Material provided:
^^^^^^^^^^^^^^^^

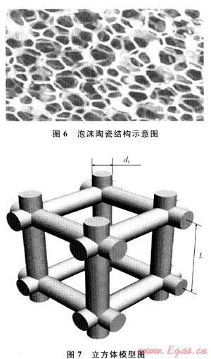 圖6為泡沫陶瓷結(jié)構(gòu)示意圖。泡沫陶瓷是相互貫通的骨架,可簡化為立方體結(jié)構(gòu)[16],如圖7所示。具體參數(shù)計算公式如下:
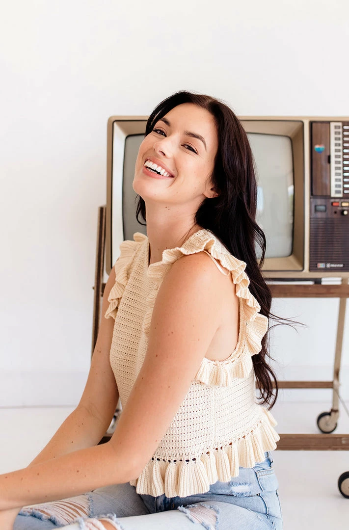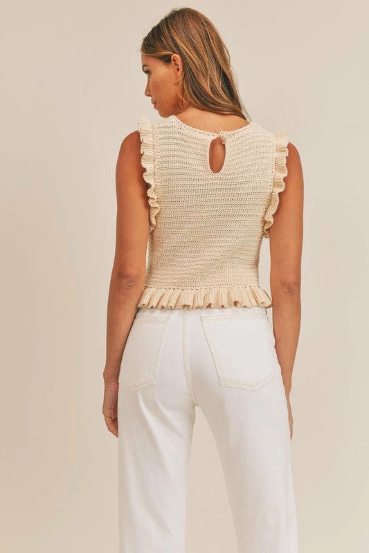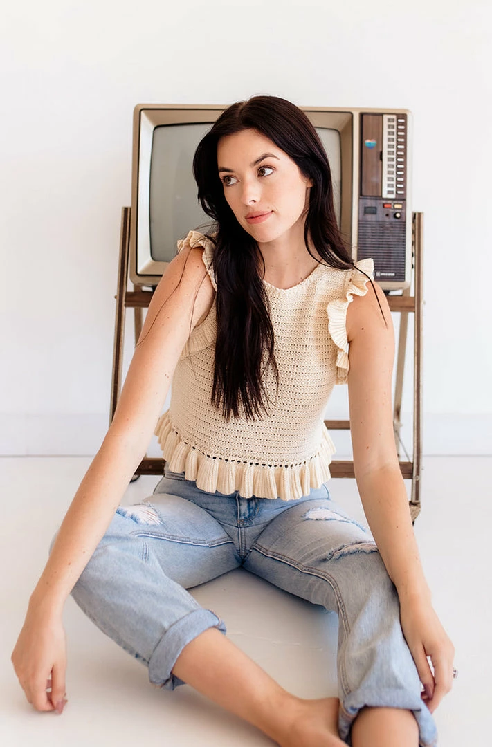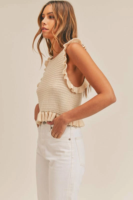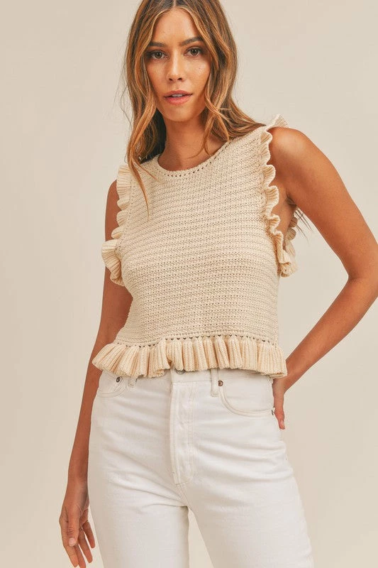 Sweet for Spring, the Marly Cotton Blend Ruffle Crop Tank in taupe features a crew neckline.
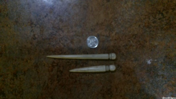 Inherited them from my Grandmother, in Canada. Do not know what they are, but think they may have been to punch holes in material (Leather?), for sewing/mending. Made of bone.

^^^^^^^^^^^^^^^^

Work task: Would you repeat the material above exactly, line for line, from its first line to the line with "Sweet for Spring, the", including both and skipping every picture?

Final answer:
 圖6為泡沫陶瓷結(jié)構(gòu)示意圖。泡沫陶瓷是相互貫通的骨架,可簡化為立方體結(jié)構(gòu)[16],如圖7所示。具體參數(shù)計算公式如下:
 Sweet for Spring, the Marly Cotton Blend Ruffle Crop Tank in taupe features a crew neckline.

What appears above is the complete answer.